Stored dataset items:
■ ■ ■ ■ ■
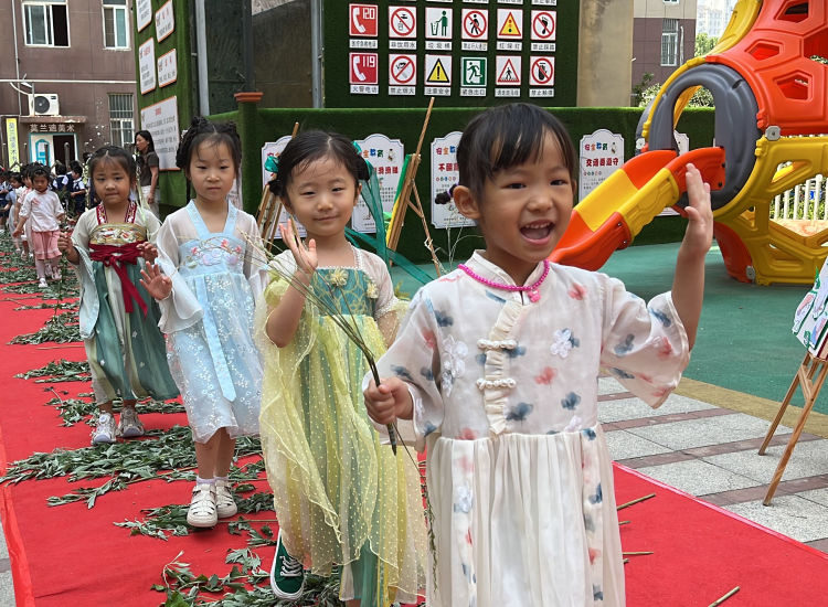 “艾”之路上,幼兒身著漢服,腳踩鋪滿艾草的紅毯入園,寓意健健康康百毒不侵。
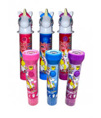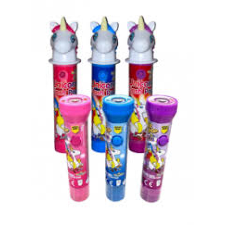FUNNY CANDY – Présentoir de 36 unités : 18 display en forme de Licorne contenant une confiserie ludique et 18 display en forme de projecteur contenant une confiserie ludique.
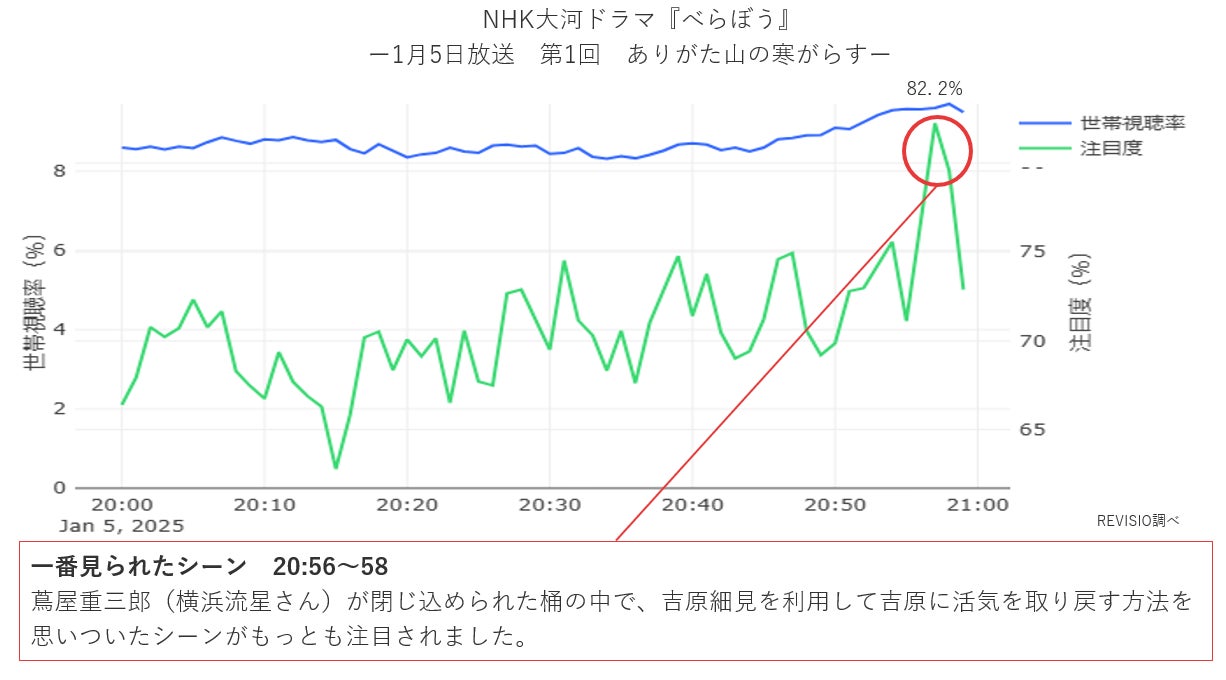 ご家庭に人体認識技術を搭載した機器を設置し、テレビスクリーンへの「アテンション(注視)」を測るREVISIO株式会社(本社:東京都千代田区、代表取締役社長 郡谷康士、以下REVISIO)は、2025年1月にスタートした森下佳子さん脚本・横浜流星さん主演の『べらぼう』の視聴質分析を公開しました。
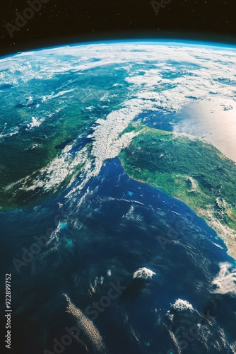 Fototapeta premium A detailed view of Earth's surface and continents from space, with lush green landscapes and vast blue oceans. The scene highlights the natural beauty and diversity of our planet as seen from above
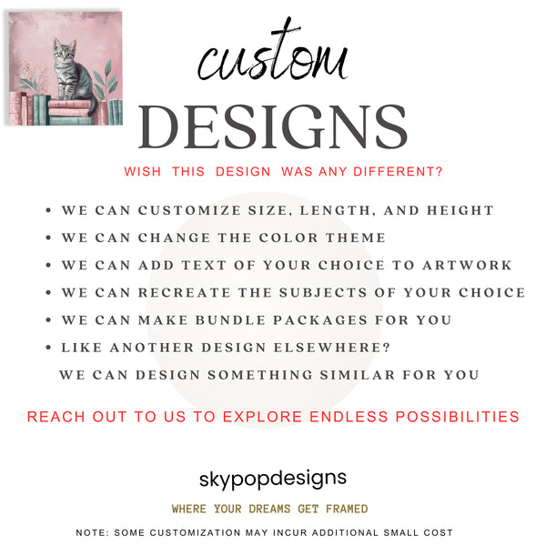 Transform your home with this adorable kitten canvas wall art, a captivating piece that enchants with its whimsical charm. This eye-catching poster showcases a cute tabby kitten perched gracefully among vintage books and delicate flowers, creating a cozy and inviting atmosphere. The soft pink backdrop and muted teal and brown tones of the books offer a soothing color palette, perfect for enhancing the ambiance of any room. This unique artwork, a beautiful blend of animal art and nature-inspired elements, is ideal for adding personality to bohemian or shabby chic interiors, and it complements Scandinavian decor beautifully. Whether you are decorating a living room, a tranquil bedroom, a playful children's room, or a quiet office space, this versatile canvas wall art brings warmth and character. The detailed rendering of the kitten’s fur and the gentle floral arrangements create a stunning visual appeal that makes this poster a perfect focal point. It’s an ideal gift for cat lovers, bookworms, or anyone looking to add a touch of charm and comfort to their living space, making it a thoughtful housewarming or birthday present. Elevate your wall decor with this sentimental and artistic creation, celebrating the simple joys of life and the beauty of nature. Invest in high-quality canvas art that will inspire for years to come, making any space feel more welcoming and cherished. Discover the joy of bringing this sweet kitten’s story into your home today.
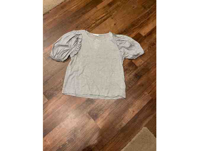 Size Small striped and ruffle sleeve blouse donated by Racha's Boutique
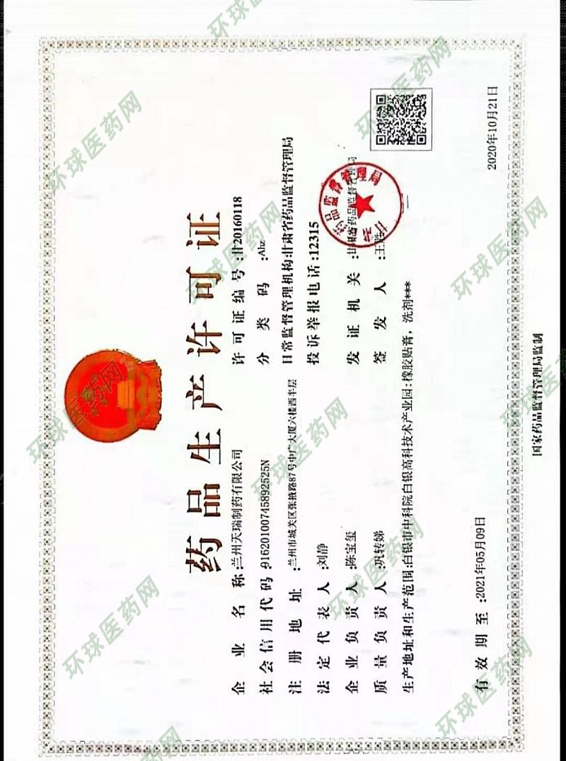 生產(chǎn)企業(yè): 蘭州天瑞制藥有限公司
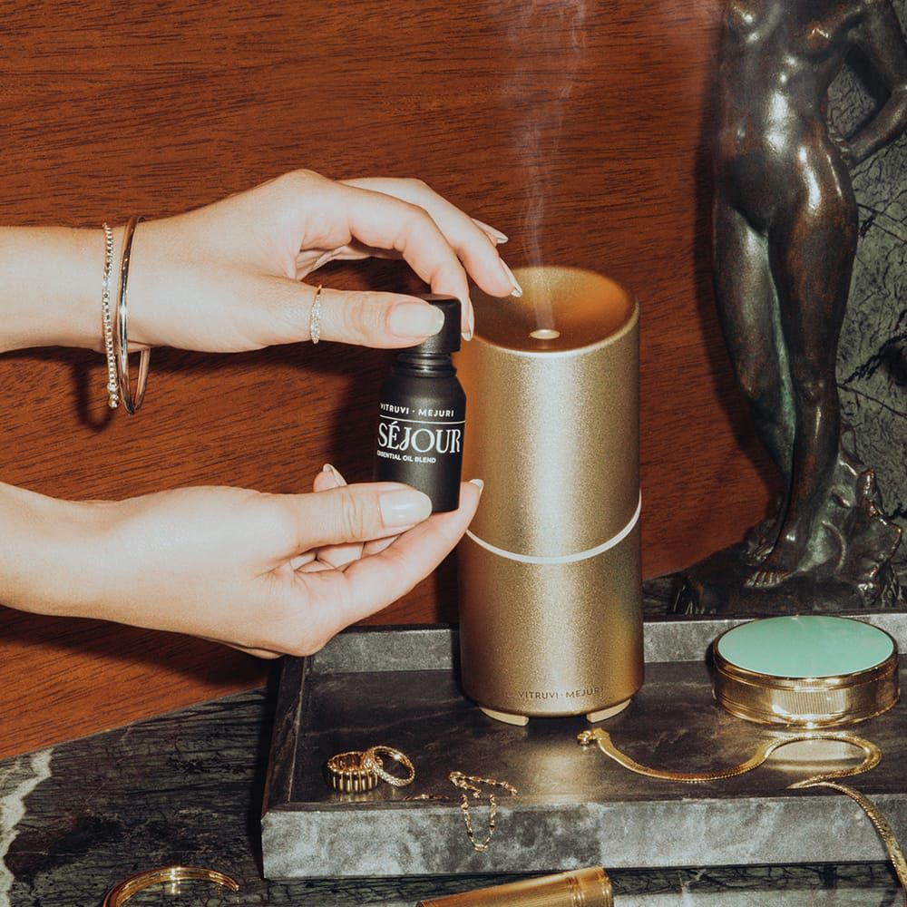 Séjour is earthy and indulgent. With top notes of Bergamot and Geranium and bottom notes of Vetiver, Vanilla, and Frankincense, it smells like gold earrings and a good book.
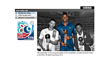 July 13, 2013, per FIFA's official website: Pivotal member of France's FIFA U-20 World Cup winning squad. Received the Golden Ball for "outstanding player of the competition."
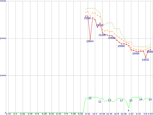 ※このグラフは過去のデータも税率5%相当に調整した税込み相当額のグラフです。 税率変更や、総額表示方式導入(2004年4月)の影響は除いています。 | | | ●凡例 | 最安値 (点線部は販売店未確認 または未調査) | 平均値 | 最高値 | ショップ数 |
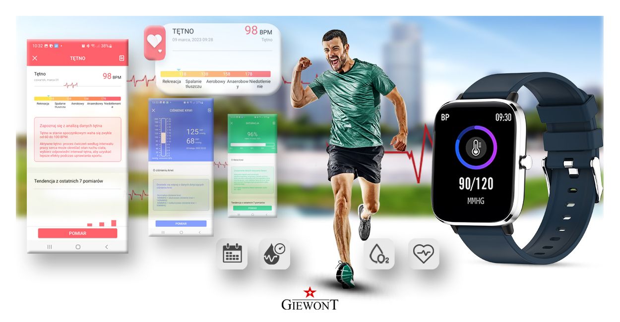 Zegarki Giewont wyróżniają się wysoką jakością wykonania oraz atrakcyjnym stosunkiem jakości do ceny. Dzięki zastosowaniu nowoczesnych technologii, smartwatche tej marki oferują funkcje takie jak monitorowanie tętna, ciśnienia krwi, saturacji, licznik kroków, spalonych kalorii oraz kontrolę snu. Dodatkowo, wybrane modele wyposażone są w funkcję SmartCall, umożliwiającą prowadzenie rozmów telefonicznych bezpośrednio z poziomu zegarka. Wodoszczelność na poziomie IP67 lub IP68 zapewnia odporność na zachlapania i deszcz, co czyni je idealnymi towarzyszami podczas treningów i codziennych aktywności.
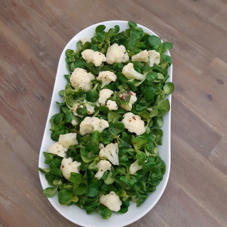 Veldsla met bloemkool, geroosterde puntpaprika en gekookte eieren
■ ■ ■ ■ ■
:: Task to complete ::
Copy each entry exactly as written. Pictures do not belong in the copy.

:: Exercise solution ::
 “艾”之路上,幼兒身著漢服,腳踩鋪滿艾草的紅毯入園,寓意健健康康百毒不侵。
FUNNY CANDY – Présentoir de 36 unités : 18 display en forme de Licorne contenant une confiserie ludique et 18 display en forme de projecteur contenant une confiserie ludique.
 ご家庭に人体認識技術を搭載した機器を設置し、テレビスクリーンへの「アテンション(注視)」を測るREVISIO株式会社(本社:東京都千代田区、代表取締役社長 郡谷康士、以下REVISIO)は、2025年1月にスタートした森下佳子さん脚本・横浜流星さん主演の『べらぼう』の視聴質分析を公開しました。
 Fototapeta premium A detailed view of Earth's surface and continents from space, with lush green landscapes and vast blue oceans. The scene highlights the natural beauty and diversity of our planet as seen from above
 Transform your home with this adorable kitten canvas wall art, a captivating piece that enchants with its whimsical charm. This eye-catching poster showcases a cute tabby kitten perched gracefully among vintage books and delicate flowers, creating a cozy and inviting atmosphere. The soft pink backdrop and muted teal and brown tones of the books offer a soothing color palette, perfect for enhancing the ambiance of any room. This unique artwork, a beautiful blend of animal art and nature-inspired elements, is ideal for adding personality to bohemian or shabby chic interiors, and it complements Scandinavian decor beautifully. Whether you are decorating a living room, a tranquil bedroom, a playful children's room, or a quiet office space, this versatile canvas wall art brings warmth and character. The detailed rendering of the kitten’s fur and the gentle floral arrangements create a stunning visual appeal that makes this poster a perfect focal point. It’s an ideal gift for cat lovers, bookworms, or anyone looking to add a touch of charm and comfort to their living space, making it a thoughtful housewarming or birthday present. Elevate your wall decor with this sentimental and artistic creation, celebrating the simple joys of life and the beauty of nature. Invest in high-quality canvas art that will inspire for years to come, making any space feel more welcoming and cherished. Discover the joy of bringing this sweet kitten’s story into your home today.
 Size Small striped and ruffle sleeve blouse donated by Racha's Boutique
 生產(chǎn)企業(yè): 蘭州天瑞制藥有限公司
 Séjour is earthy and indulgent. With top notes of Bergamot and Geranium and bottom notes of Vetiver, Vanilla, and Frankincense, it smells like gold earrings and a good book.
 July 13, 2013, per FIFA's official website: Pivotal member of France's FIFA U-20 World Cup winning squad. Received the Golden Ball for "outstanding player of the competition."
 ※このグラフは過去のデータも税率5%相当に調整した税込み相当額のグラフです。 税率変更や、総額表示方式導入(2004年4月)の影響は除いています。 | | | ●凡例 | 最安値 (点線部は販売店未確認 または未調査) | 平均値 | 最高値 | ショップ数 |
 Zegarki Giewont wyróżniają się wysoką jakością wykonania oraz atrakcyjnym stosunkiem jakości do ceny. Dzięki zastosowaniu nowoczesnych technologii, smartwatche tej marki oferują funkcje takie jak monitorowanie tętna, ciśnienia krwi, saturacji, licznik kroków, spalonych kalorii oraz kontrolę snu. Dodatkowo, wybrane modele wyposażone są w funkcję SmartCall, umożliwiającą prowadzenie rozmów telefonicznych bezpośrednio z poziomu zegarka. Wodoszczelność na poziomie IP67 lub IP68 zapewnia odporność na zachlapania i deszcz, co czyni je idealnymi towarzyszami podczas treningów i codziennych aktywności.
 Veldsla met bloemkool, geroosterde puntpaprika en gekookte eieren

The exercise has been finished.